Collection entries

※ ※ ※

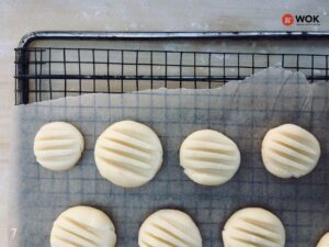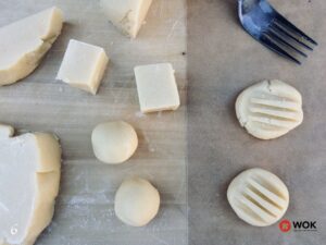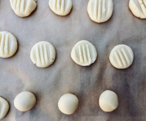 • Kulki układaj na blaszce, a każdą spłaszczaj widelcem.
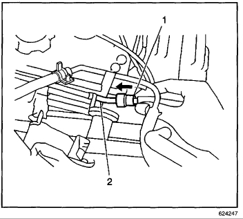 Connect the quick-connect fitting of the fuel feed hose (1) to the fuel feed pipe (2) of the fuel rail.
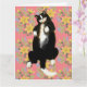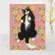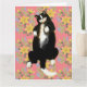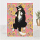 Carte Chat Tuxedo endormi sur un lit fleuri
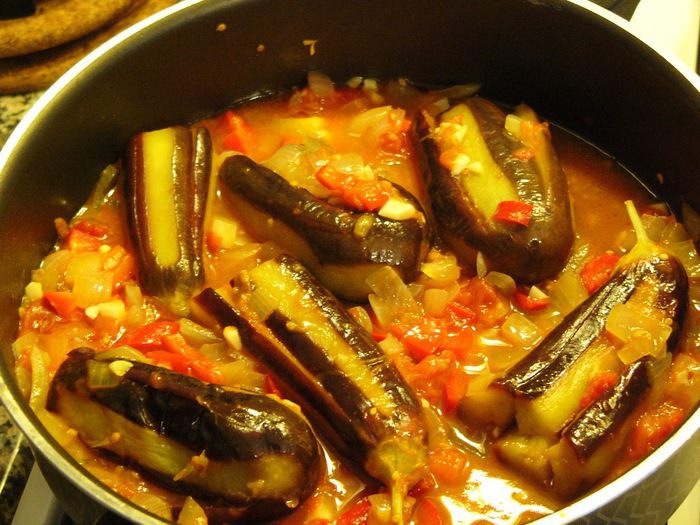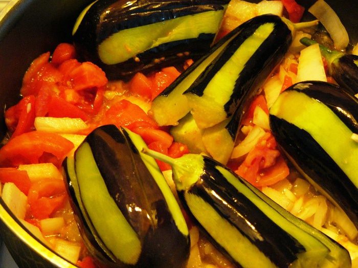Тушить под крышкой до мягкости баклажанов около 15 минут. Опытные хозяйки могут догадаться, что кислота плюс сахар дают вкус, похожий на маринованные салаты с уксусом. Но это интересно. Лук за счет кислоты, остается хрустящим и маринованным. И аромат невероятный! Прошу пробовать!
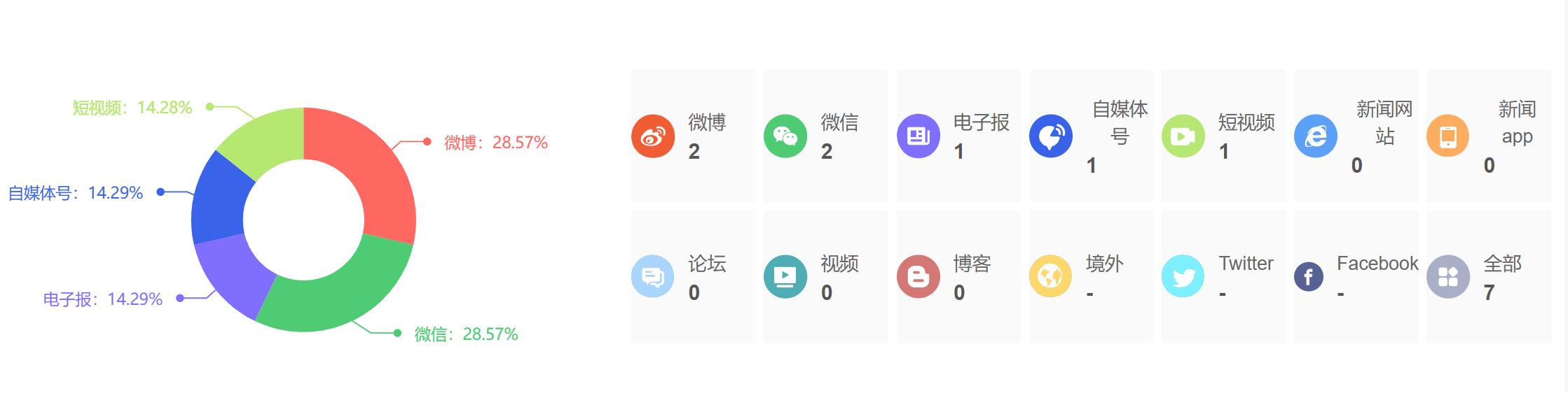 截至目前,该文章在互联网上传播总量为7篇,其中7月30日是信息发布的高峰期。各信源的信息发布情况中,微博信息占比最大,其次是微信和电子报,信息量分别为2篇、2篇、1篇,占比分别为28.57%、28.57%、14.29%。(数据来源:新华睿思系统)
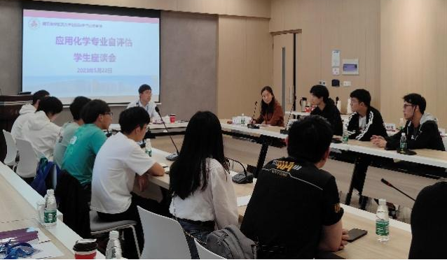 随后,与会考察专家参观了实验室,并分组进行教师座谈、学生座谈和教学材料检查。教师座谈会由石礼伟主持,教师代表们畅谈了应用化学专业在招生质量、课程建设、课程质量评价体系与问题持续改进举措等方面的成效,明确了学科建设中的问题与挑战。学生座谈会由胡兴邦主持,学生代表们积极发言,就培养方案、理论与实验课程的设置、教学质量等方面的成效和未来的改进举措方面进行了深入交流,在对专业表示高度认可的同时也提出了自己的期待。专家们就专业建设过程中的问题与挑战分享了自己的经验与体会,引起了在座教师和学生代表的强烈共鸣。专家组还分别对应用化学专业核心课程、实验课程、毕业设计等进行了检查。基于以上现场考察环节,专家组进行研究与讨论,并最终形成评估意见。
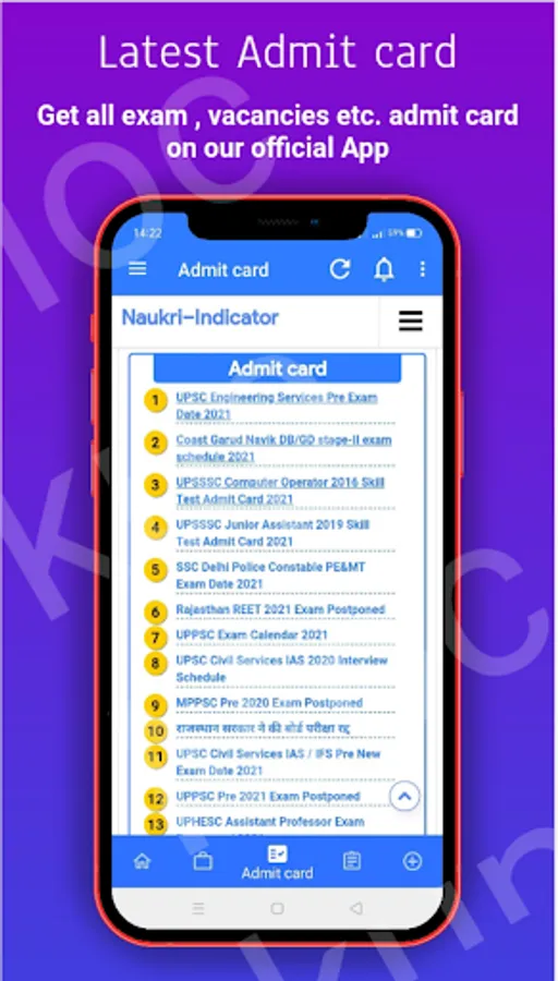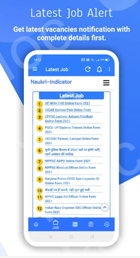 Naukri-Indicator App Provide detailed information and notification of Latest Online Forms, Job's Exams, Admit Card, Result, Answer Key, Admission & other various posts.
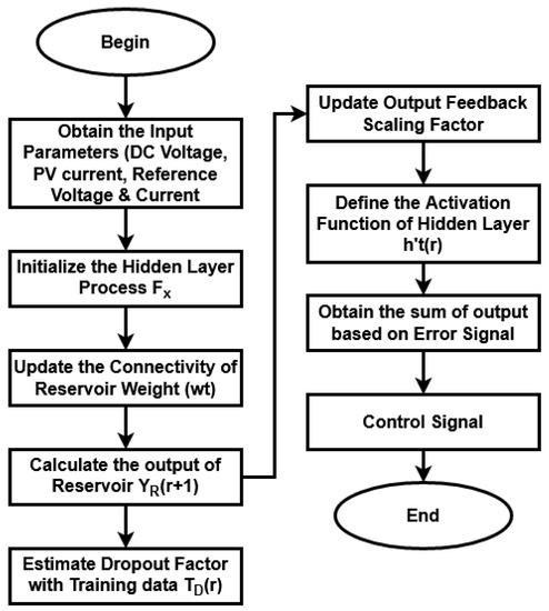 | Input: DC voltage VDC, PV current IPV, reference voltage VRef and reference current IRef; Output: Control signal; Procedure: Step 1: The dynamic echo state hidden network process is performed by using Equations (40) and (41); Step 2: Then, the connectivity of reservoir weight is formulated with respect to weight matrix as shown in Equation (42); Step 3: The output of reservoir is estimated by using Equation (43): Step 4: Estimate the dropout factor by randomly selecting the neurons for training by using Equation (44); Step 5: Output feedback scaling is updated with forward pass as shown in Equation (45); Step 6: Define the activation function for the hidden layer by using Equation (46); Step 7: The squares’ sum of output is called as the error signal, which is estimated by using Equation (47); Step 8: Return the control signal parameter as the output Pd; |

※ ※ ※

The response must consist of the entries above exactly as they stand, minus any pictures.

 • Kulki układaj na blaszce, a każdą spłaszczaj widelcem.
 Connect the quick-connect fitting of the fuel feed hose (1) to the fuel feed pipe (2) of the fuel rail.
 Carte Chat Tuxedo endormi sur un lit fleuri
Тушить под крышкой до мягкости баклажанов около 15 минут. Опытные хозяйки могут догадаться, что кислота плюс сахар дают вкус, похожий на маринованные салаты с уксусом. Но это интересно. Лук за счет кислоты, остается хрустящим и маринованным. И аромат невероятный! Прошу пробовать!
 截至目前,该文章在互联网上传播总量为7篇,其中7月30日是信息发布的高峰期。各信源的信息发布情况中,微博信息占比最大,其次是微信和电子报,信息量分别为2篇、2篇、1篇,占比分别为28.57%、28.57%、14.29%。(数据来源:新华睿思系统)
 随后,与会考察专家参观了实验室,并分组进行教师座谈、学生座谈和教学材料检查。教师座谈会由石礼伟主持,教师代表们畅谈了应用化学专业在招生质量、课程建设、课程质量评价体系与问题持续改进举措等方面的成效,明确了学科建设中的问题与挑战。学生座谈会由胡兴邦主持,学生代表们积极发言,就培养方案、理论与实验课程的设置、教学质量等方面的成效和未来的改进举措方面进行了深入交流,在对专业表示高度认可的同时也提出了自己的期待。专家们就专业建设过程中的问题与挑战分享了自己的经验与体会,引起了在座教师和学生代表的强烈共鸣。专家组还分别对应用化学专业核心课程、实验课程、毕业设计等进行了检查。基于以上现场考察环节,专家组进行研究与讨论,并最终形成评估意见。
 Naukri-Indicator App Provide detailed information and notification of Latest Online Forms, Job's Exams, Admit Card, Result, Answer Key, Admission & other various posts.
 | Input: DC voltage VDC, PV current IPV, reference voltage VRef and reference current IRef; Output: Control signal; Procedure: Step 1: The dynamic echo state hidden network process is performed by using Equations (40) and (41); Step 2: Then, the connectivity of reservoir weight is formulated with respect to weight matrix as shown in Equation (42); Step 3: The output of reservoir is estimated by using Equation (43): Step 4: Estimate the dropout factor by randomly selecting the neurons for training by using Equation (44); Step 5: Output feedback scaling is updated with forward pass as shown in Equation (45); Step 6: Define the activation function for the hidden layer by using Equation (46); Step 7: The squares’ sum of output is called as the error signal, which is estimated by using Equation (47); Step 8: Return the control signal parameter as the output Pd; |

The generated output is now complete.